=== Begin Enclosure ===
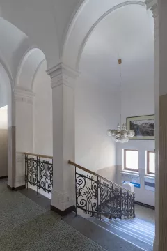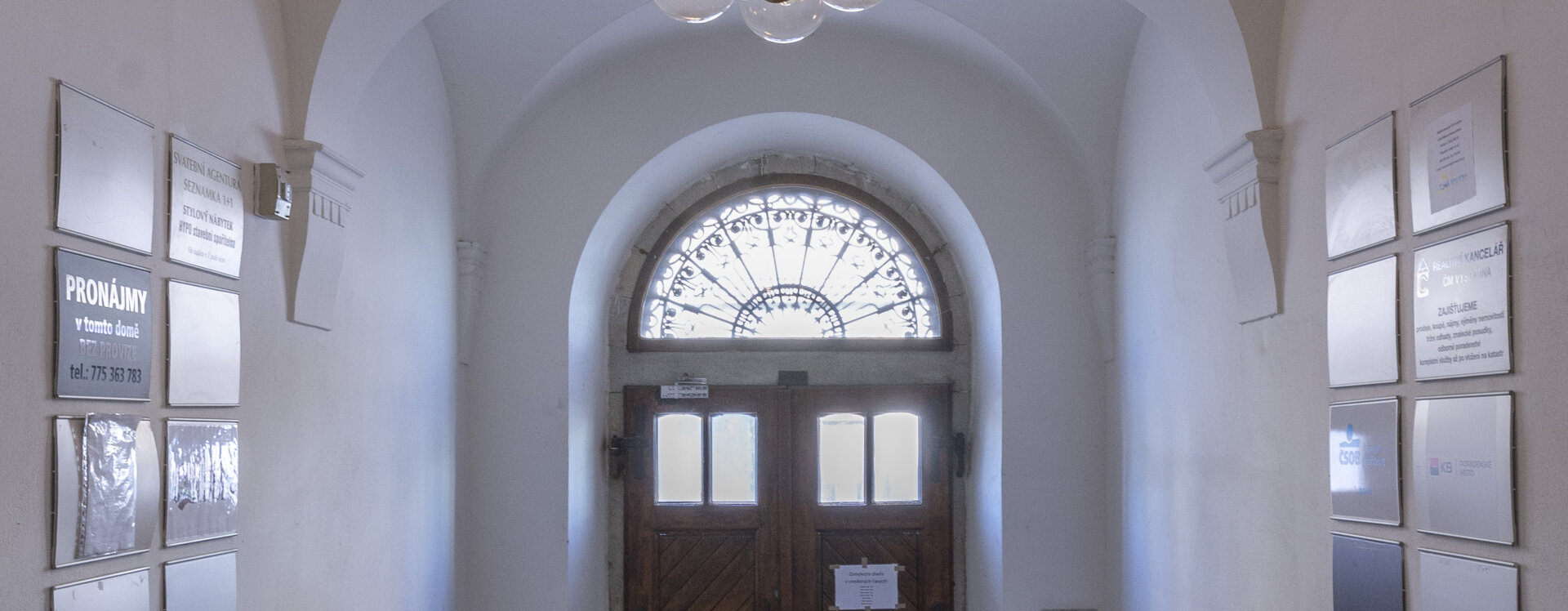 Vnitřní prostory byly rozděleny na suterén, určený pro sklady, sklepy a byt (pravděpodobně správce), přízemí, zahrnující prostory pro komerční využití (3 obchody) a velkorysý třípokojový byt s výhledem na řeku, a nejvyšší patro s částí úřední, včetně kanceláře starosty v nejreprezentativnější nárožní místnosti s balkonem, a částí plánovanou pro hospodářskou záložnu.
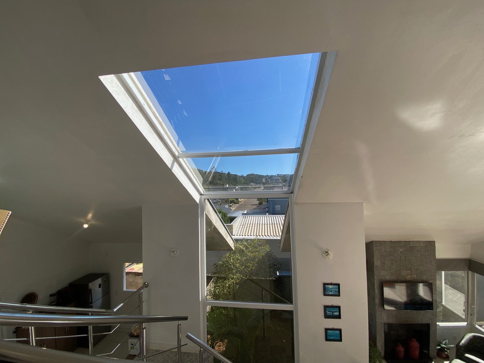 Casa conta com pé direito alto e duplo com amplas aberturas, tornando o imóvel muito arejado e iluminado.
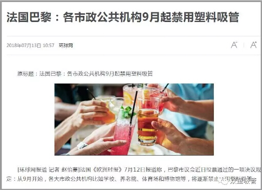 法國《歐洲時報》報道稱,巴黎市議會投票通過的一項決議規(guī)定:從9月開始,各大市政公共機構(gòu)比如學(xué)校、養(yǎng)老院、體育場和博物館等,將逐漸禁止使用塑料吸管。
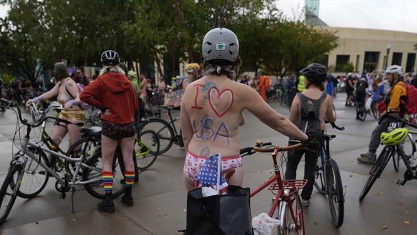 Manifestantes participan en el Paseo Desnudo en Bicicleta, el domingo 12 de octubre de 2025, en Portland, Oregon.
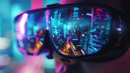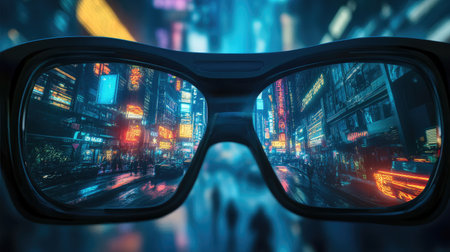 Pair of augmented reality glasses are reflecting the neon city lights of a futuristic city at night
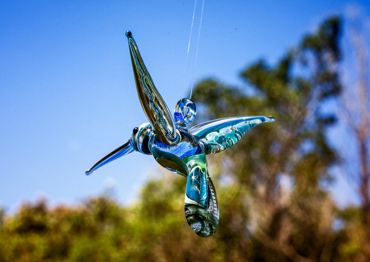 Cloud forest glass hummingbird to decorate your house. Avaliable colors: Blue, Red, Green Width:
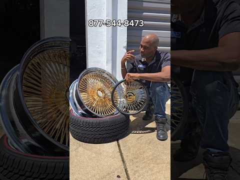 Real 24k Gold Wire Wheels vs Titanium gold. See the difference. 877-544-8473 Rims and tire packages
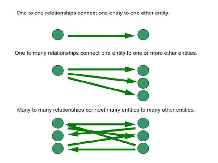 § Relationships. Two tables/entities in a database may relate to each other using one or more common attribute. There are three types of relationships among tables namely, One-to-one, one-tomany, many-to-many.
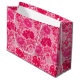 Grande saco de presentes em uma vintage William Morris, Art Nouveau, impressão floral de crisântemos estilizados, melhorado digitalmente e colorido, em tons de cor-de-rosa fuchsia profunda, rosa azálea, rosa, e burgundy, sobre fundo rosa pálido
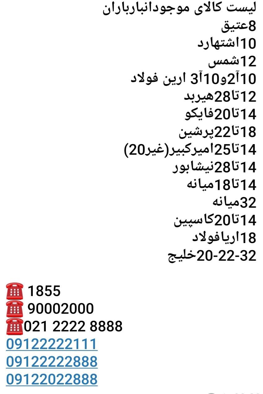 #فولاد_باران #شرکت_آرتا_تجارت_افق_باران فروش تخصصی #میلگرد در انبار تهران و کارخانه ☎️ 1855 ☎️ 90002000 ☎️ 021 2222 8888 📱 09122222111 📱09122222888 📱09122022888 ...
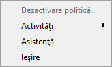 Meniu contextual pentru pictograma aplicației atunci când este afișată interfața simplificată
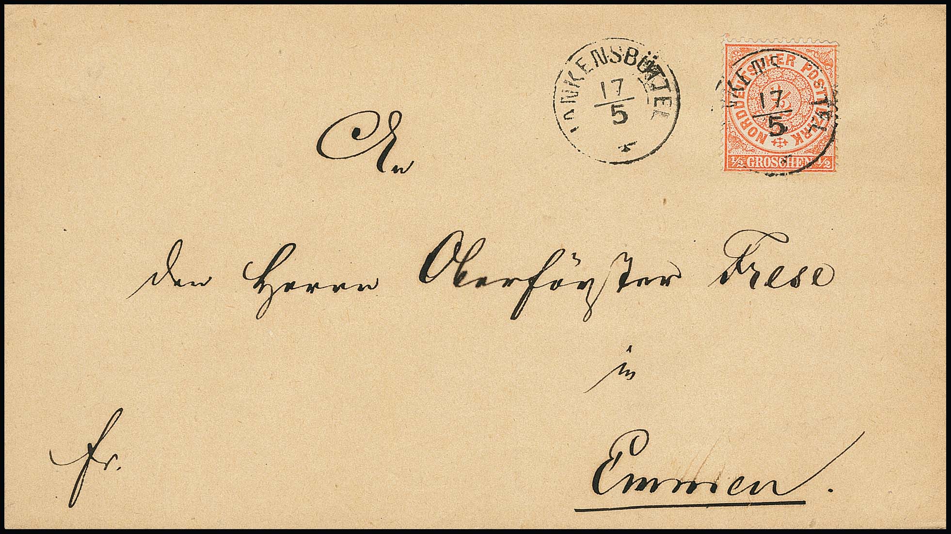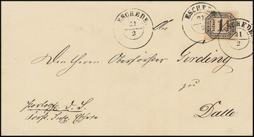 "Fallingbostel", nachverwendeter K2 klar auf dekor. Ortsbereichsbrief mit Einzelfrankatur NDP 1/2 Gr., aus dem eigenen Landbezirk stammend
=== End Enclosure ===
Return all the data above as written, leaving out only the pictures.

 Vnitřní prostory byly rozděleny na suterén, určený pro sklady, sklepy a byt (pravděpodobně správce), přízemí, zahrnující prostory pro komerční využití (3 obchody) a velkorysý třípokojový byt s výhledem na řeku, a nejvyšší patro s částí úřední, včetně kanceláře starosty v nejreprezentativnější nárožní místnosti s balkonem, a částí plánovanou pro hospodářskou záložnu.
 Casa conta com pé direito alto e duplo com amplas aberturas, tornando o imóvel muito arejado e iluminado.
 法國《歐洲時報》報道稱,巴黎市議會投票通過的一項決議規(guī)定:從9月開始,各大市政公共機構(gòu)比如學(xué)校、養(yǎng)老院、體育場和博物館等,將逐漸禁止使用塑料吸管。
 Manifestantes participan en el Paseo Desnudo en Bicicleta, el domingo 12 de octubre de 2025, en Portland, Oregon.
 Pair of augmented reality glasses are reflecting the neon city lights of a futuristic city at night
 Cloud forest glass hummingbird to decorate your house. Avaliable colors: Blue, Red, Green Width:
 Real 24k Gold Wire Wheels vs Titanium gold. See the difference. 877-544-8473 Rims and tire packages
 § Relationships. Two tables/entities in a database may relate to each other using one or more common attribute. There are three types of relationships among tables namely, One-to-one, one-tomany, many-to-many.
 Grande saco de presentes em uma vintage William Morris, Art Nouveau, impressão floral de crisântemos estilizados, melhorado digitalmente e colorido, em tons de cor-de-rosa fuchsia profunda, rosa azálea, rosa, e burgundy, sobre fundo rosa pálido
 #فولاد_باران #شرکت_آرتا_تجارت_افق_باران فروش تخصصی #میلگرد در انبار تهران و کارخانه ☎️ 1855 ☎️ 90002000 ☎️ 021 2222 8888 📱 09122222111 📱09122222888 📱09122022888 ...
 Meniu contextual pentru pictograma aplicației atunci când este afișată interfața simplificată
 "Fallingbostel", nachverwendeter K2 klar auf dekor. Ortsbereichsbrief mit Einzelfrankatur NDP 1/2 Gr., aus dem eigenen Landbezirk stammend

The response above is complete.